В этот момент дежурный отхлебнул из пузырька и поперхнулся, ибо не ожидал, что спирт будет неразбавленным. Судорожно ища рукой какую-нибудь сухую корочку, кусочек чего-нибудь, чтобы закусить, или воды на запивку, дежурный случайно нажал локтем на одну из клавиш селектора, и возмущенный голос Алевтины, размноженный репродукторами, загромыхал над залом ожидания, будя спящих на узлах и чемоданах транзитных пассажиров, вскакивающих и продирающих ополоумевшие глаза, как при пожаре. Громовые раскаты женского гнева сотрясали бесприютно жмущихся друг к другу внутри равнодушного к ним вокзала бронзовых Маркса, Энгельса, Ленина, похожих на транзитников, так и не доставших билеты. Четвертый пьедестал рядышком был пуст, и на нем, вместо когда-то стоявшего Сталина, дрых нежно прижимающий одноногую голую куклу к груди, заросший седой щетиной бомж в генеральской фуражке, которого не мог пробудить даже Алевтинин иерихонский голос:

– Никогда не звони мне, Пальчиков! Звони Гдляну и Иванову! Штирлицу и Юлиану Семенову! Мегрэ и Сименону! Шерлоку Холмсу и доктору Ватсону! А меня оставь! Оставь меня с моими анакондами, боаконстрикторами, питонами, гадюками, ужами! Мне с ними лучше, чем с тобой, Пальчиков! Значительно лучше! Все!

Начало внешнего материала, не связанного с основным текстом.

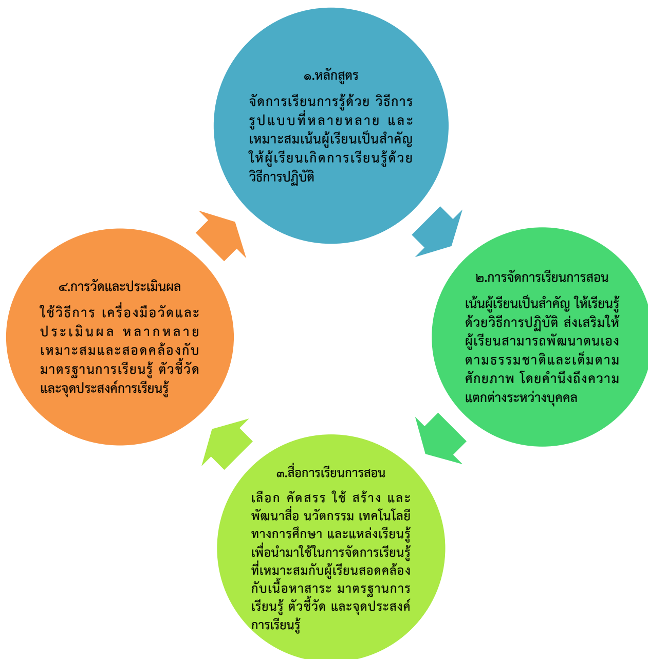
ภาพที่ ๑ แนวทางการจัดการศึกษาโรงเรียนพระปริยัติธรรม แผนกสามัญศึกษา จังหวัดอุบลราชธานี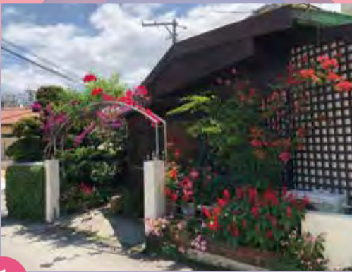
第1位 華やかなエントランス(山川町)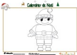
Calendrier de Noël page 13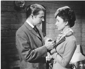
1956 L'HOMME DE SAN CARLOS (Walk the Proud Land) de Jesse Hibbs avec Audie Murphy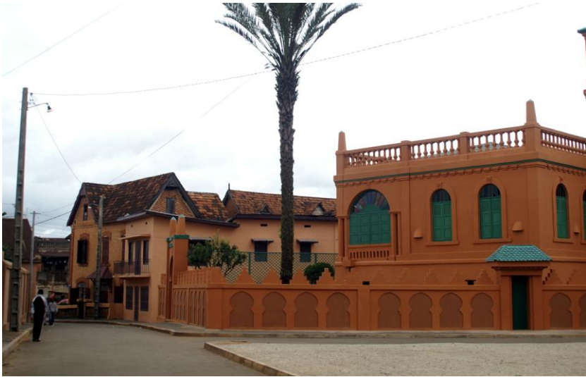
Antsirabe : la place Mohammed V et la mosquée.

En 1957, Mohammed V était de retour à Madagascar, faisant ressortir quelques vieux démons à Majunga où les autorités demandent instruction au haut-commissaire « en raison des commentaires que ce voyage ne manquera pas de susciter dans divers milieux » 126 . Pour le roi, il s'agit plus d'un pèlerinage. Il ne s'est jamais senti proche de la culture malgache, avouant même à Catroux ne pas être « passionné » par le retournement des morts, contrairement à son interlocuteur. Mais il sait qu'entre janvier 1954 et octobre 1955, plus qu'à Rabat, et peut-être même plus qu'à Paris, l'histoire de son pays s'est jouée à Madagascar.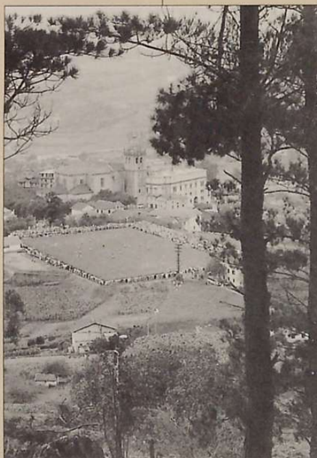
TXANTXILLA FUTBOL ZELAIA (1950/08/27)

И как заключительный аккорд, оглушая переполошенный вокзал, грянули короткие телефонные гудки, похожие на паровозные.

Дежурный, запоздало спохватившись, выключил селектор.

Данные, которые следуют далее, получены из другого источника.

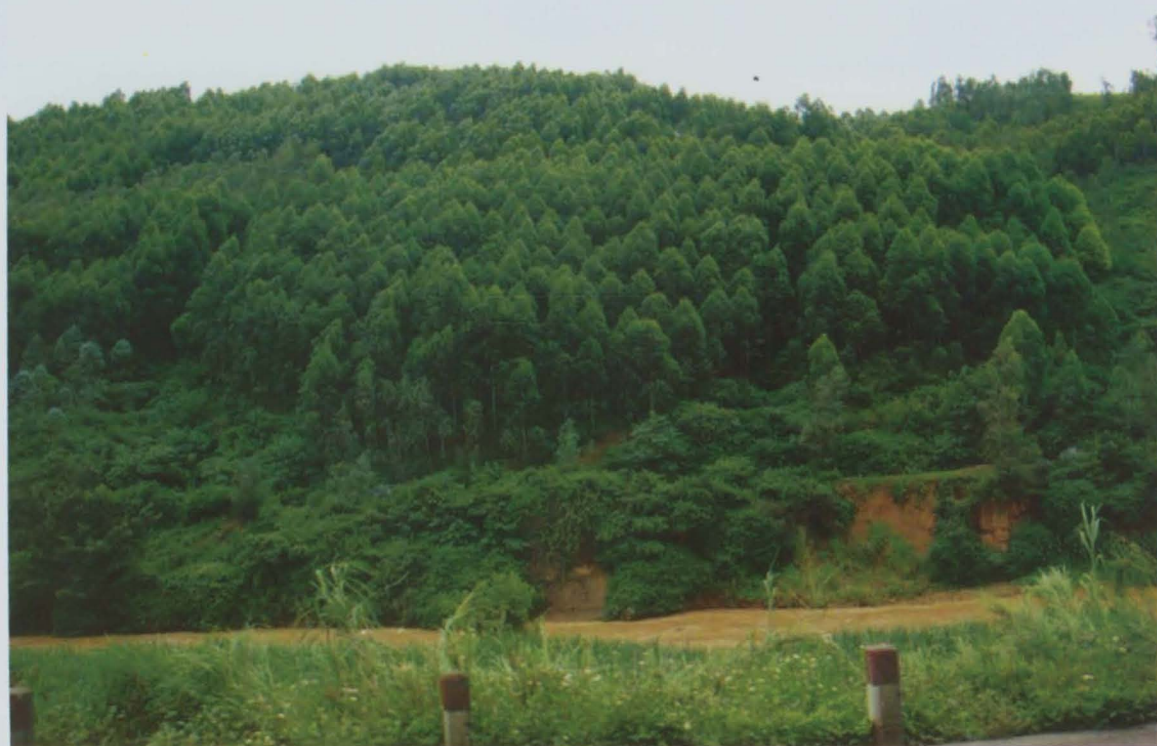
树木茂盛的始祖山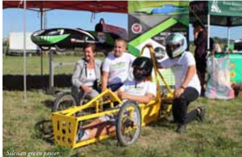
Siłistan great power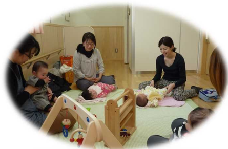
地域子育て支援センター「ひなたぼっこ」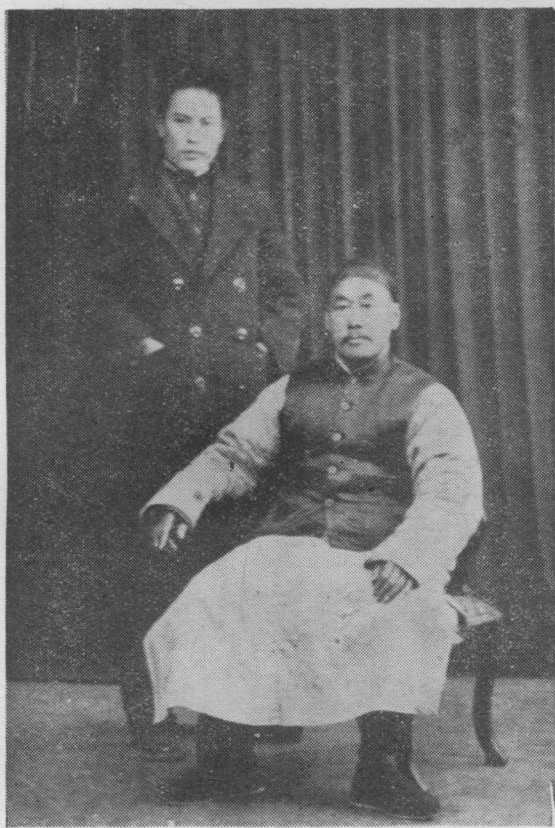
三十年代初作者与父亲摄于杭州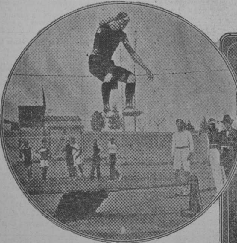
Festival celebrado en Barcelona: Salto de trampolín en el campo de deportes del "Centre Autonomista del Comerç y de la Indústria"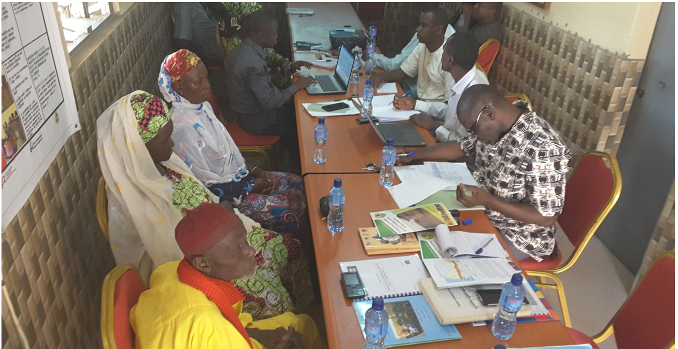
Une vue de la visite de terrain de l'équipe PEPISA0 aux organisations pastorales

Ces outils ont été répertoriés dans un guide pratique appelé Sensibilité à la Prévention et des Conflits.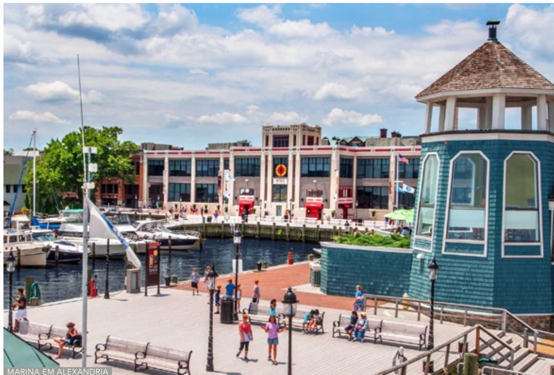
MARINA EM ALEXANDRIA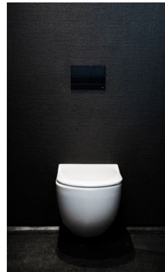
Inne i toalettbasene er detaljeringen spartansk. Strien gir dybde og tekstur til veggene.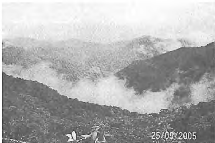
Венесуэла – горная страна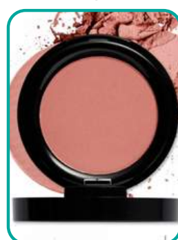
44-TastyGrenadine 22.- CHF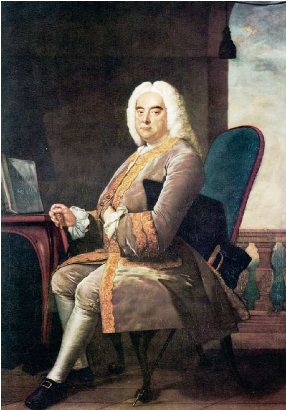
Portret van Georg Friedrich Händel door Thomas Hudson, 1756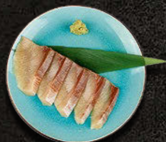
SASHIMI SERIOLA 70 PLN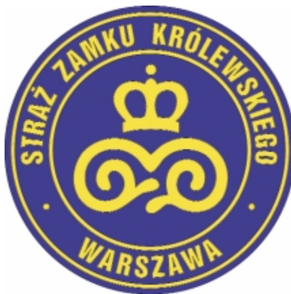
Emblemat na rękawy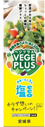
▲ベジプラスのぼり ・ミニのぼり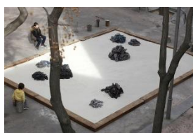
◀ Instalación en 2016 con el tema de los hibakushas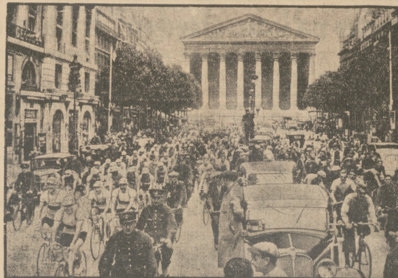
START DO „TOUR DE FRANCE”.

WYCIECZKI polowania autobus wynajmuje T-wo „Autotouch” — Sosno- wice, 1 Maja 23. tel. 3425 3.36

– Извините, что я сделал ваш личный разговор достоянием общественности. Синдром гласности, – пожал плечами дежурный, по-честному возвращая лишь наполовину опорожненный пузырек. – Кстати, насчет цитаты: «Скажи-ка мне, красавица, что ты делала сегодня на кровле…» Знакомые слова… Даже, по-моему, со школы. А там еще не было такого: «Где не будет лучше, там будет хуже, а от худа до добра опять недалеко»?

– Было… – сказал Пальчиков, с надеждой хватая его за рукав. – Но откуда это, откуда?

К сожалению, дежурный не сумел вспомнить.

По приезде Пальчикову снова пришлось ночевать в своем рабочем кабинете в МВД.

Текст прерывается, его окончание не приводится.